[Fixed] Unsigned application requesting unrestricted access to system¶
Subject/ Problem Description
The following error is displayed when launching applications signed with the MD5withRSA or MD5withDSA algorithms after upgrading to Java.
Unable to launch the application.
Unsigned application requesting unrestricted access to system
Unsigned application requesting unrestricted access to system.
The following resource is signed with a weak signature algorithm MD5withRSA
and is treated as unsigned: http://example.net/ExampleApplication.jar
Applications signed with the MD5withRSA or MD5withDSA algorithms are treated as unsigned by Java starting with the Java 8 Update 131 release.
More information on the changes made in the Java 8 Update 131 release can be found at the links below:
https://www.java.com/en/download/help/jcp_security.xml#md5
http://www.oracle.com/technetwork/java/javase/8u131-relnotes-3565278.html
https://www.java.com/en/jre-jdk-cryptoroadmap.html
Answer / Solution
Workaround
Method 1:
A quick way to fix this is to comment out the line of jdk.jar.disabledAlgorithms in the file lib/security/java.security.

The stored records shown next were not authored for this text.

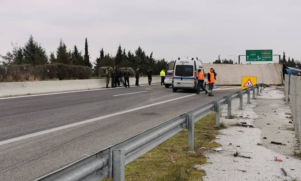 Σύμφωνα με το larissanet, μια νταλίκα ενώ κινούνταν στην Εθνική οδό εξετράπη της πορείας της και ανετράπη στο κόμβο του Κιλελέρ.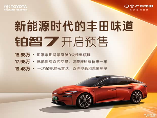 当新能源市场进入“配置与价值”双博弈的时代,广汽丰田全新旗舰纯电轿车铂智7,于3月5日正式开启预售,以15.68-20.98万元限时预售权益价,重新定义中高级纯电轿车的价值标杆 。这不仅是丰田新能源转型的诚意之作,更是一场“入门即豪华、顶配不溢价”的市场革新。
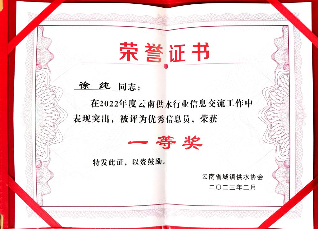 据了解,云南省城镇供水协会以党建为引领,充分发挥一刊一网一公众号宣传平台作用,积极宣传报道云南供水行业喜迎二十大和学习贯彻二十大精神系列活动,反映各单位为群众按事实、守护民生工程等信息。92家会员单位403名信息员投稿1459篇,并根据稿源质量和信息发布数量进行评选,最终产生了信息工作先进单位9家,信息工作先进个人一等奖7名,二等奖12名,三等奖21名。供水公司职工徐纯被评为优秀信息员,荣获一等奖。
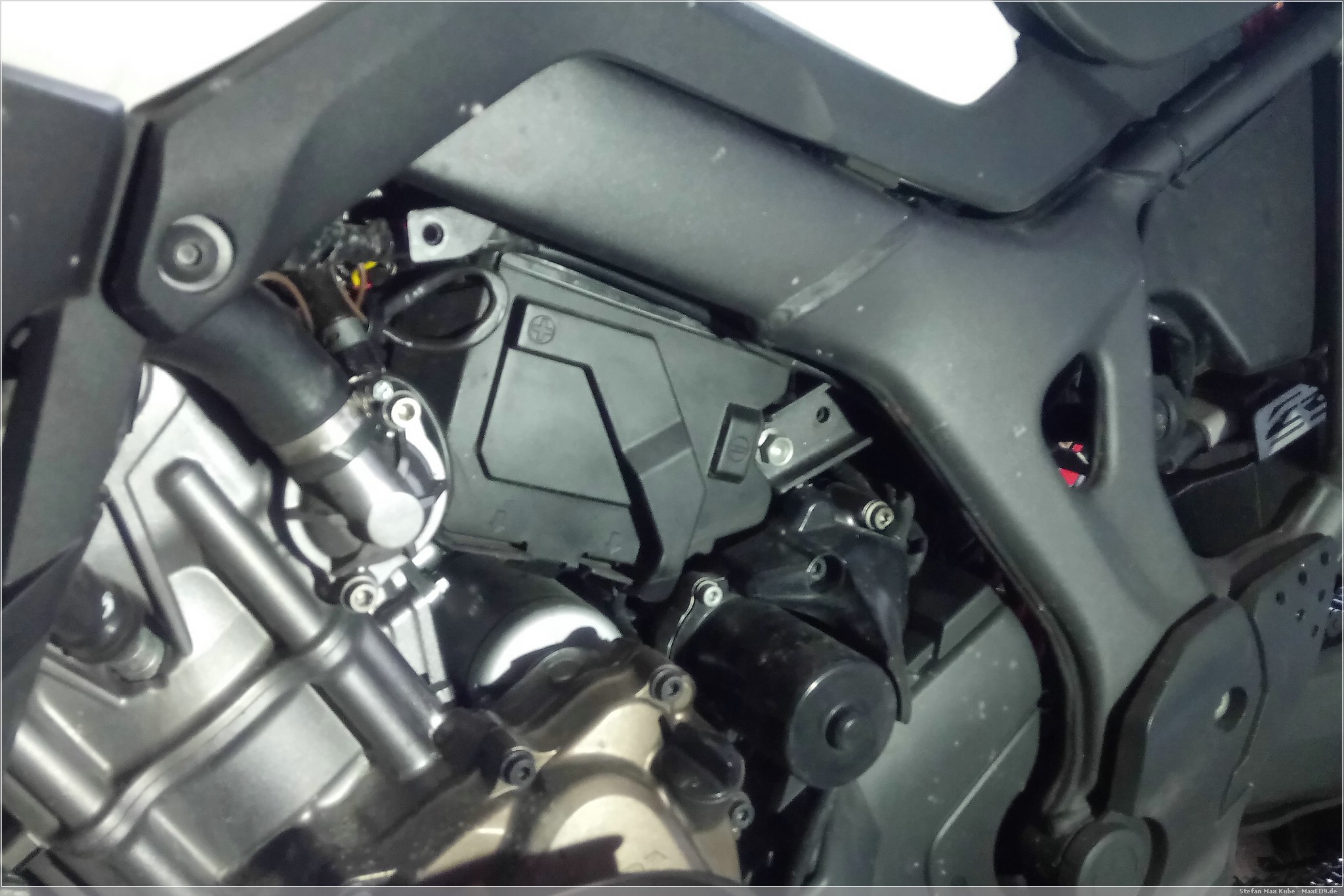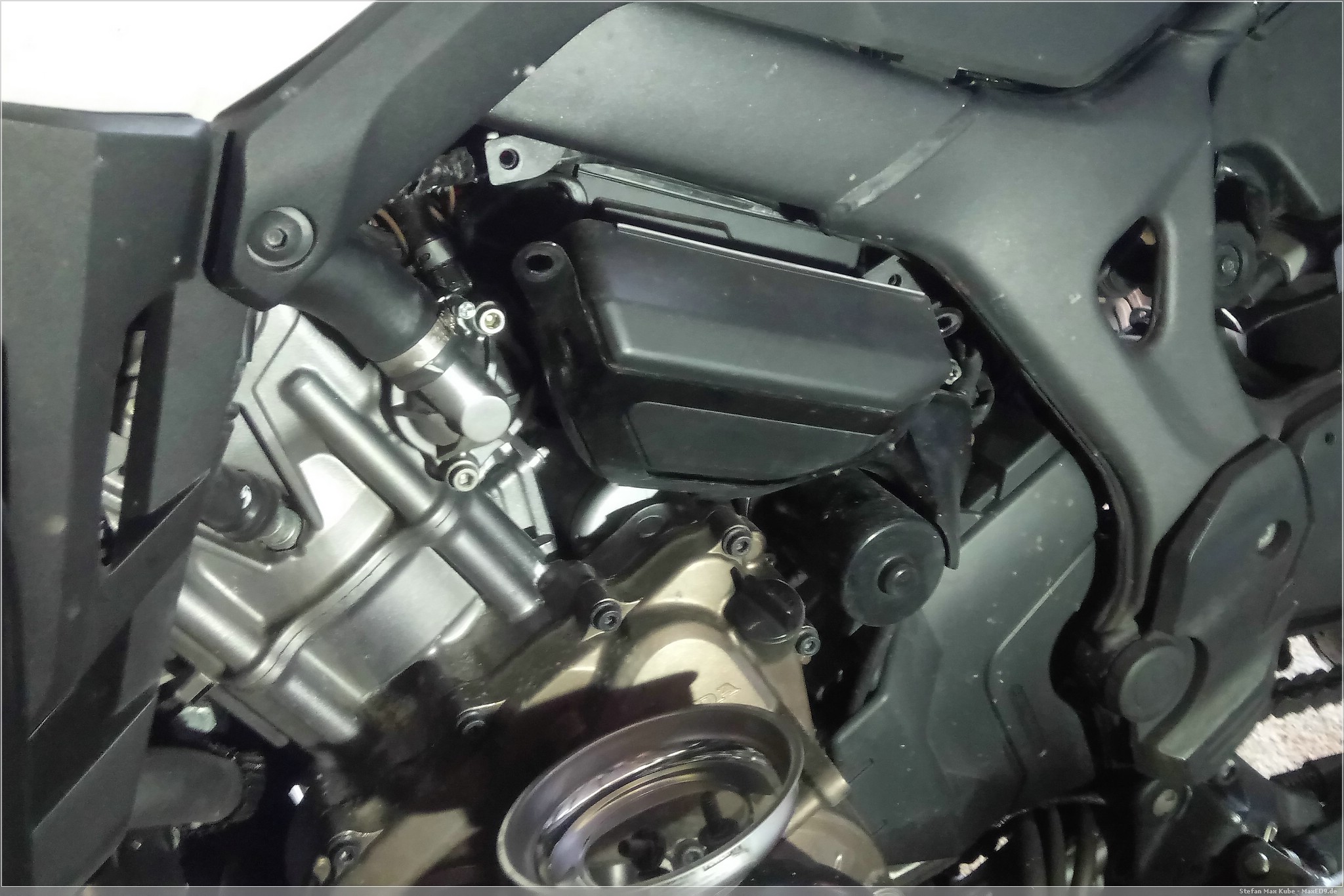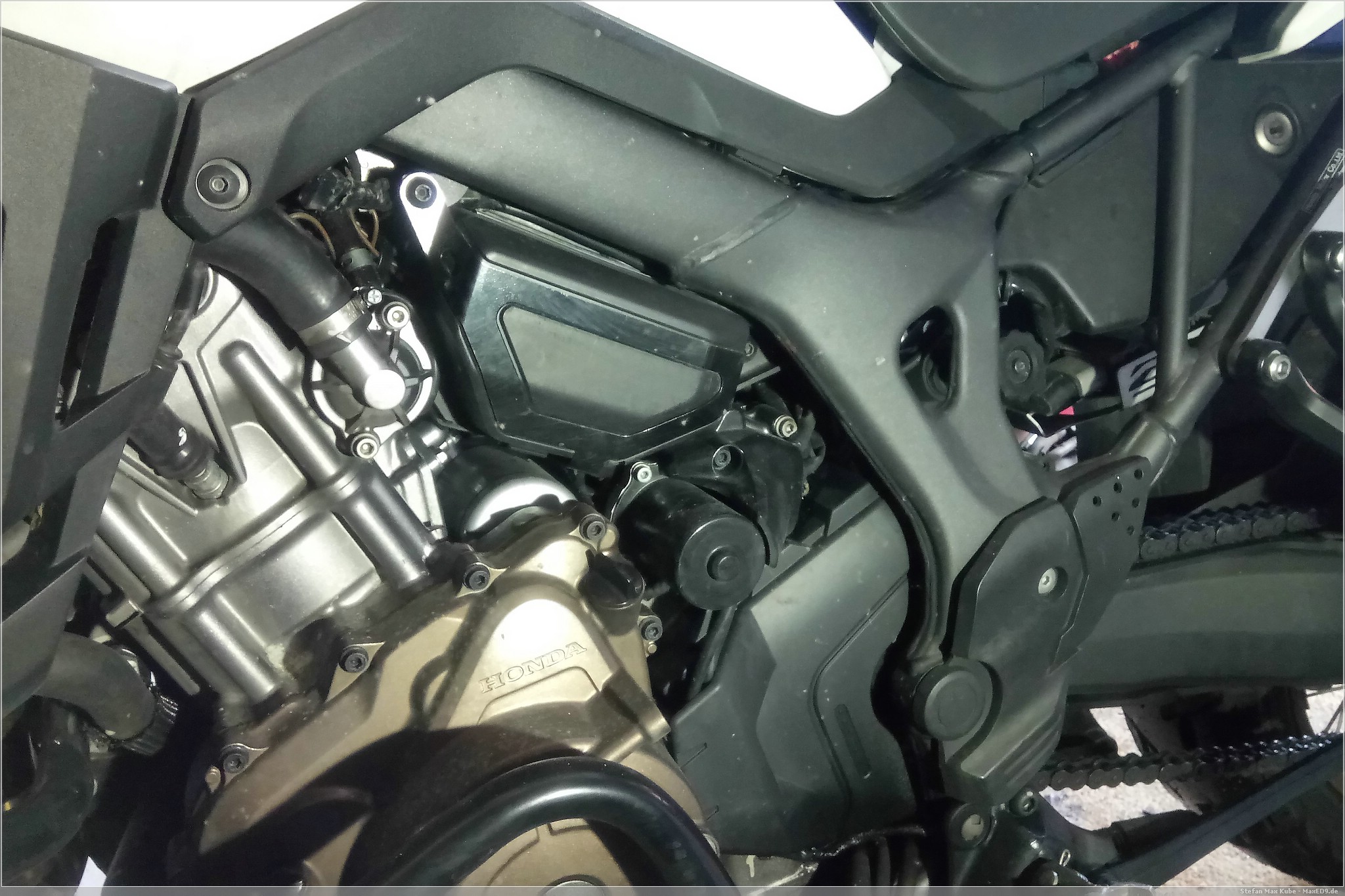 Auch wenn bisher nicht der Bedarf bestand die Africa Twin fremdzustarten, ist der Zugang zur Batterie recht beschwerlich. Im Gegensatz zur SevenFifty, wo ich einfach nur die Sitzbank abnehmen muss und quasi schon direkt an die Pole der Batterie komme, ist die Batterie der Honda CRF1000L schön versteckt und man benötigt Werkzeug, um sie zu erreichen.

# jdk.jar.disabledAlgorithms=MD2, MD5, RSA keySize < 1024, DSA keySize < 1024
In Windows it’s located at:
C:\Program Files (x86)\Java\jre7\lib\security\java.security)
In macOS, it’s located at
/Library/Internet Plug-Ins/JavaAppletPlugin.plugin/Contents/Home/lib/security/java.security
Method 2:
- Revert to an old version of Java/JRE
- Uninstall Java/JRE 8 351 and then install Java/JRE 8 update 341 or an earlier version
Method 3:
- Modify the java.security file
- Modify the java.security file as Administrator and it is located in Windows "C:\Program Files (x86)\Java\jre1.8.0_351\lib\security\java.security" Search for and comment on the following line: jdk.jar.disabledAlgorithms=MD2, MD5, RSA keySize < 1024, \ " find the lines:
jdk.jar.disabledAlgorithms=MD2, MD5, RSA keySize < 1024, \
DSA keySize < 1024, include jdk.disabled.namedCurves, \
SHA1 denyAfter 2019-01-01
Comment out the "SHA1 denyAfter 2019-01-01" line, but also need to remove the "\" on the preceding line.
So should look like this:
#jdk.jar.disabledAlgorithms=MD2, MD5, RSA keySize < 1024, \
#DSA keySize < 1024, include jdk.disabled.namedCurves
#SHA1 denyAfter 2019-01-01
Save and re-launch the Java Management Console JNLP launcher. Note: This workaround should be considered "at your own risk" and is not officially endorsed or supported by your Product Owners.
Solution:
The solution is to upgrade the version of your product on the machine and discuss it with product support to determine the best course of action.